*EXERCISE*.
Look through the data below and output, unchanged, every line from the one holding "Dekorácia klip drevený 10ks" through the one holding "安全治近视 轻松上大学全飞秒激光钜惠6000元 学生惠6500元(17-35岁)", inclusive. Skip the pictures.

*PROVIDED RECORDS*.
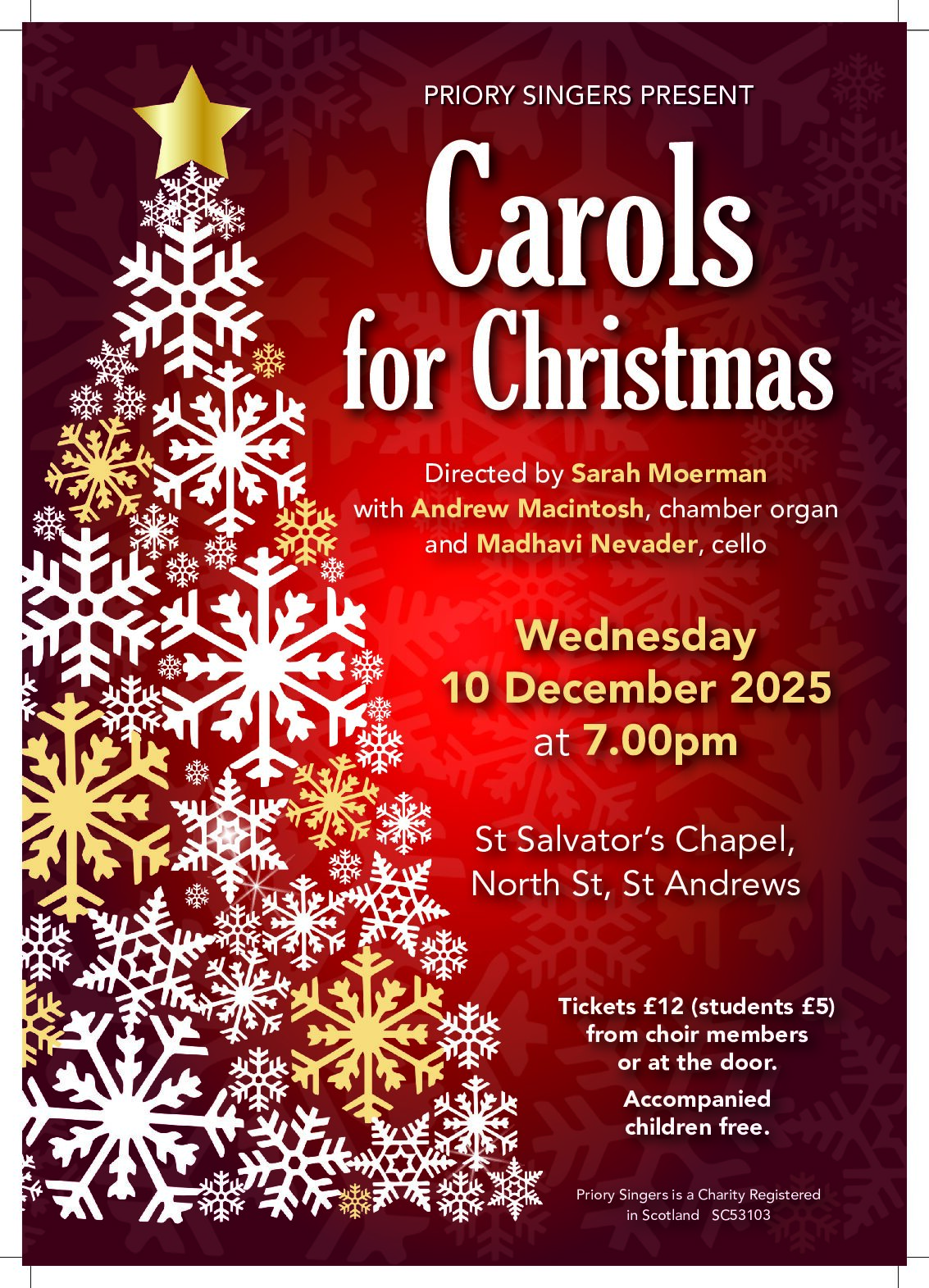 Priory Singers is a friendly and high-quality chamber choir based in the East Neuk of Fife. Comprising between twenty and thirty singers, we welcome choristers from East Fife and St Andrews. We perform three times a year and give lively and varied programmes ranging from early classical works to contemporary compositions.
* * *
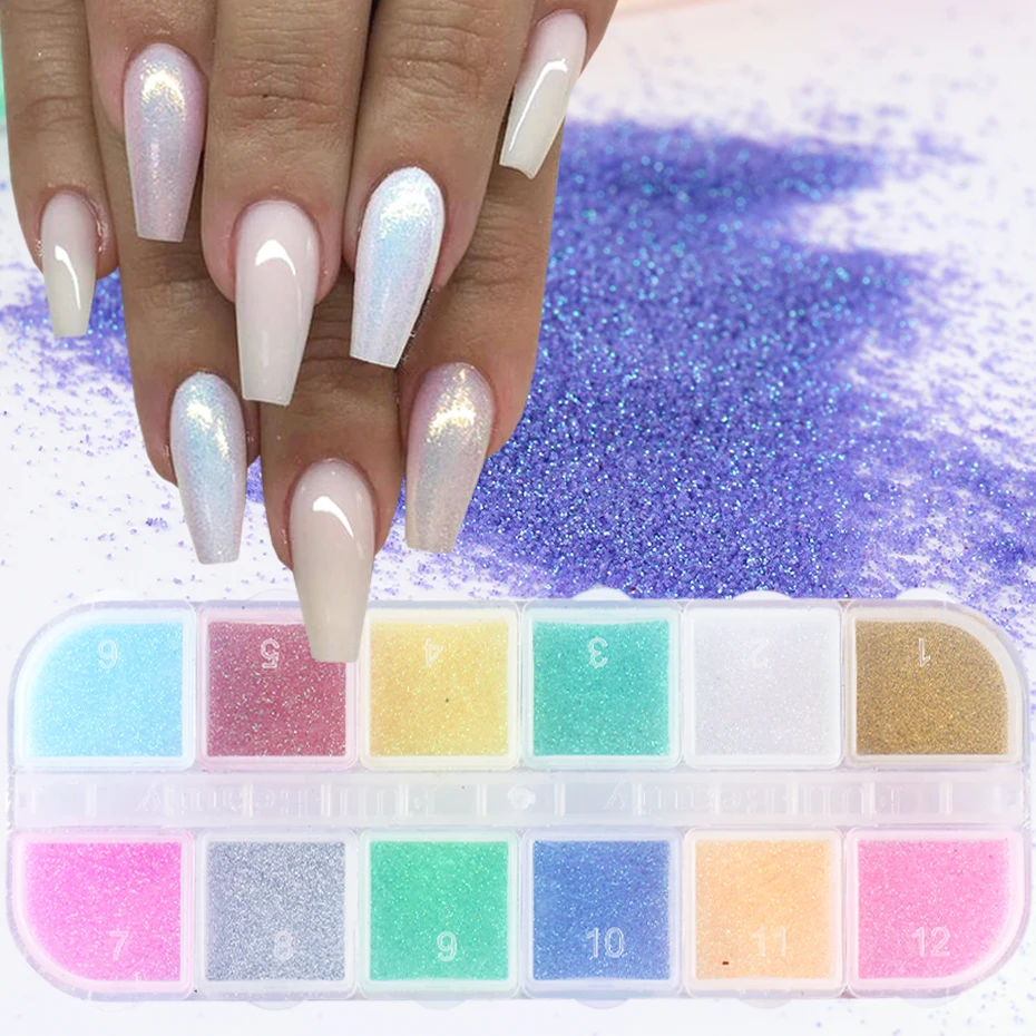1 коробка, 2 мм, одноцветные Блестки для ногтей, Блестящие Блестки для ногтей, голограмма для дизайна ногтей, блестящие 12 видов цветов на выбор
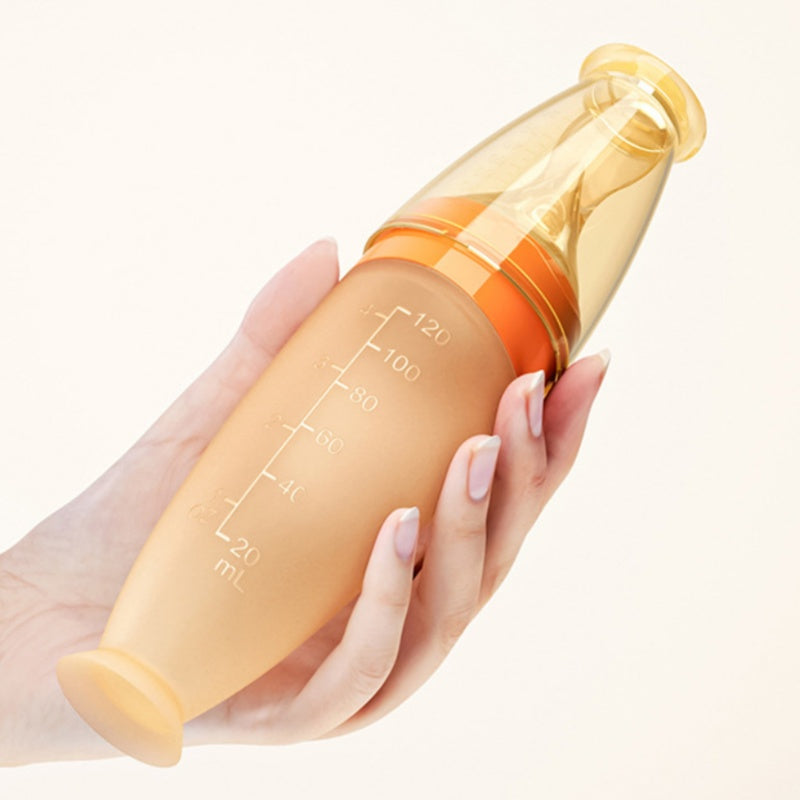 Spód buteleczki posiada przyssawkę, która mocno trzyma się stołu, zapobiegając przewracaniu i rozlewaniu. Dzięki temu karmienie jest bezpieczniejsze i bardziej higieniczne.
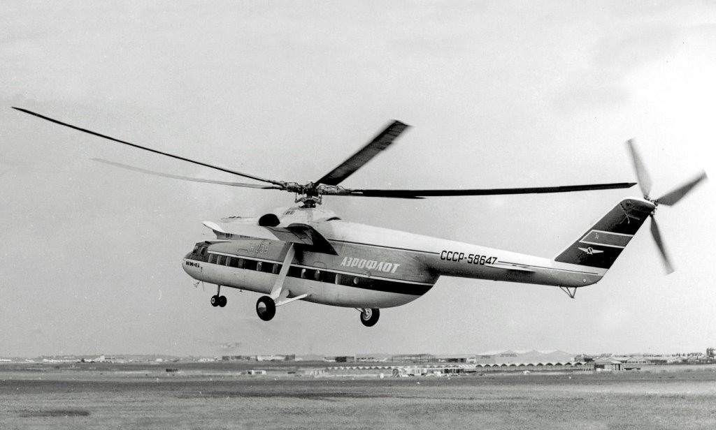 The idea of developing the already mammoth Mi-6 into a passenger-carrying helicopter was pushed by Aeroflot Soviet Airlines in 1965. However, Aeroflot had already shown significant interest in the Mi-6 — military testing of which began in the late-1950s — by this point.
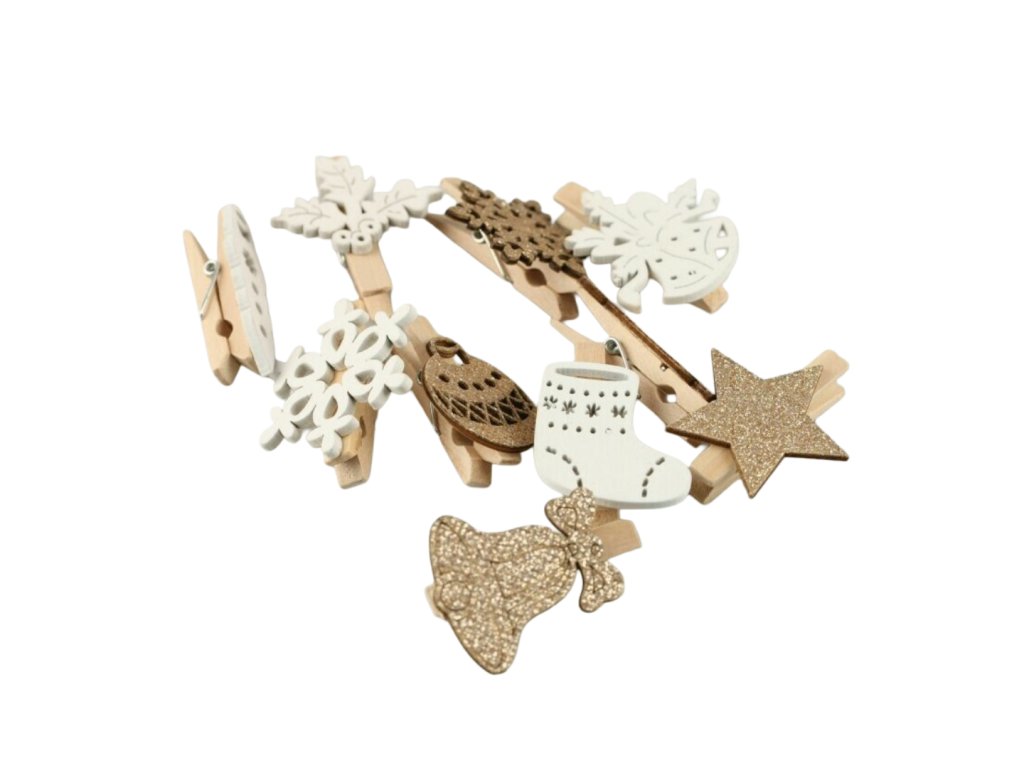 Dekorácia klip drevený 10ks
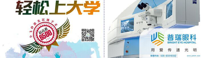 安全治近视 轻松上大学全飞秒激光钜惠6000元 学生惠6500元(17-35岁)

*REPLY TO THE EXERCISE*.
 Dekorácia klip drevený 10ks
 安全治近视 轻松上大学全飞秒激光钜惠6000元 学生惠6500元(17-35岁)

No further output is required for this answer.